Webscraping the WSJ

Posted on Nov 21, 2016

There are many newspapers available in the New York City area that cater to different segments of the population. This project focuses on the Wall Street Journal (WSJ), an international newspaper with a high circulation in the New York area. For this project, I scraped details of articles over a three-week period in order to analyze some basic metrics of the newspaper as well as some of the topics that the WSJ focuses on.

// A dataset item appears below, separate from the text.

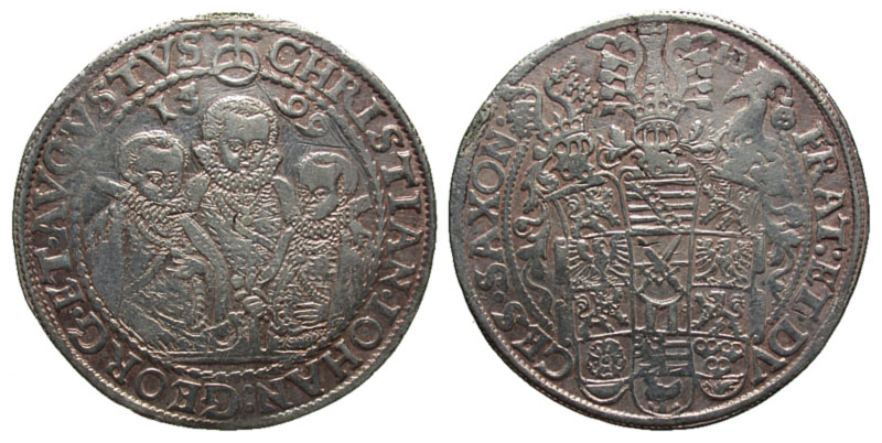 Lot 24-321. GERMAN STATES. Saxony. Christian I, Johann Georg and August, 1591-1601 AD. AR Taler
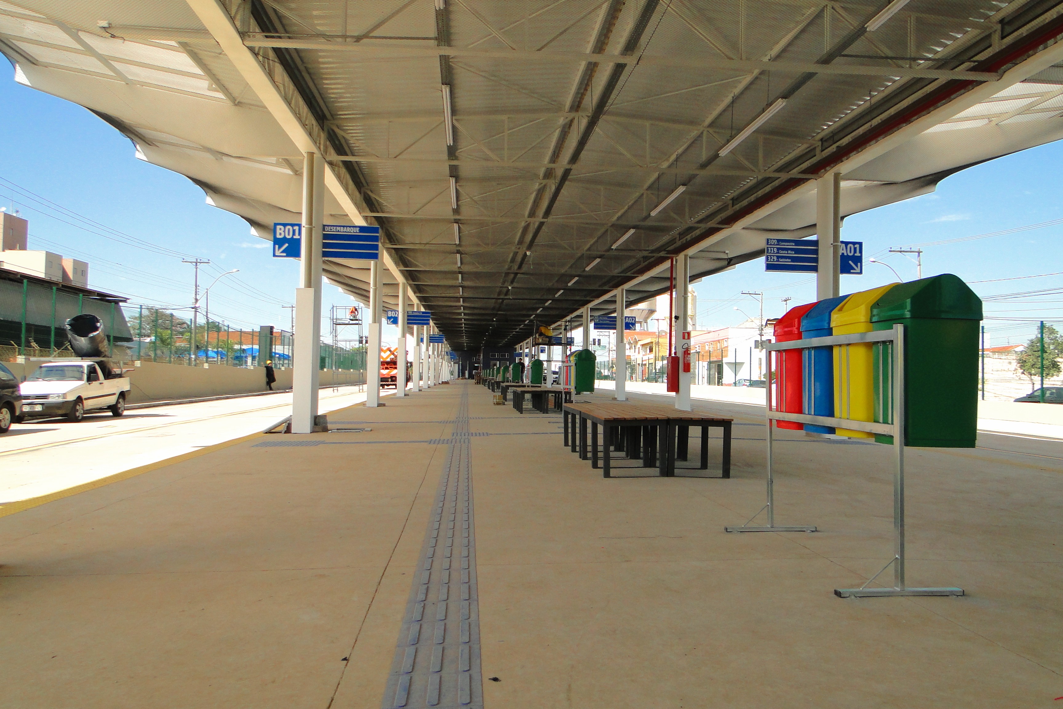 Lixeiras, bancos e piso podotátil estão em toda a extensão do TPA

Using Python and Scrapy, I scraped several metrics for each article:

  1. titles of articles
  2. subtitle
  3. section(s)
  4. author(s)
  5. time that article was published

Below is an example of an article from the WSJ that I scraped, with the individual metrics highlighted:


In total, the project encompassed a total of 4,126 articles from three consecutive weeks in August 2016. As a result of collecting these metrics, several interesting findings emerged. First, the number of articles published online varied by the day of the week. The number of articles appears to grow during the week, peaking on Wednesday and Thursday, with Saturday and Sunday having the lowest number of articles on average. This may reflect user demand, as most readers may be more likely to check news sources throughout the week, compared to the weekend. As a result, there may also be fewer writers working on the weekend and fewer articles being published.


Additionally, the number of articles varies by section. The largest section is actually articles syndicated from the Associated Press (AP), which do not usually show up on the WSJ home page, and include short articles on sport scores and winning lottery numbers. The next largest sections in terms of number of articles are the Business and Markets sections. As its name indicates, the WSJ has a large focus on the markets and business news, which we see reflected in the number of articles published in these sections.


More specific than the section, we can focus on the topics discussed by looking at the words that appear in article titles. During this three-week period, "Trump" was the most commonly found word across all published article titles, appearing close to 150 times (over 3.5% of titles). By comparison, "Clinton" appeared around 60 times (1.5%). Another popular topic by word count during this period was "China" (around 80 times). The discrepancy between "Trump" and "Clinton" could be a result of Trump being a part of more newsworthy events during this period, or a result of the WSJ focusing on one of the candidates more than the other.


To further explore the WSJ's coverage of both candidates, we can look at the correlations between mentions of the candidates' names and other words found in the same title.


As seen above, the candidates are both most correlated to their first names. After his first name, Trump is most often associated with the Trump Tower, immigration or immigrants, and his campaign. Clinton, on the other hand, is most often associated with the Clinton Foundation, Chelsea, Huma Abedin, and emails. Some of these associations may have more negative connotations, but it is hard to measure whether the newspaper is merely transmitting the news or if the paper is overly focusing on certain negative events for one candidate over the other (such as "emails" for Hillary). By looking at multiple newspapers during the same period, we would be able to compare which newspapers focus relatively more or less on news events during that period that boost or hurt a candidate. That way, we might be able to estimate whether a newspaper may lean towards one candidate more than another newspaper.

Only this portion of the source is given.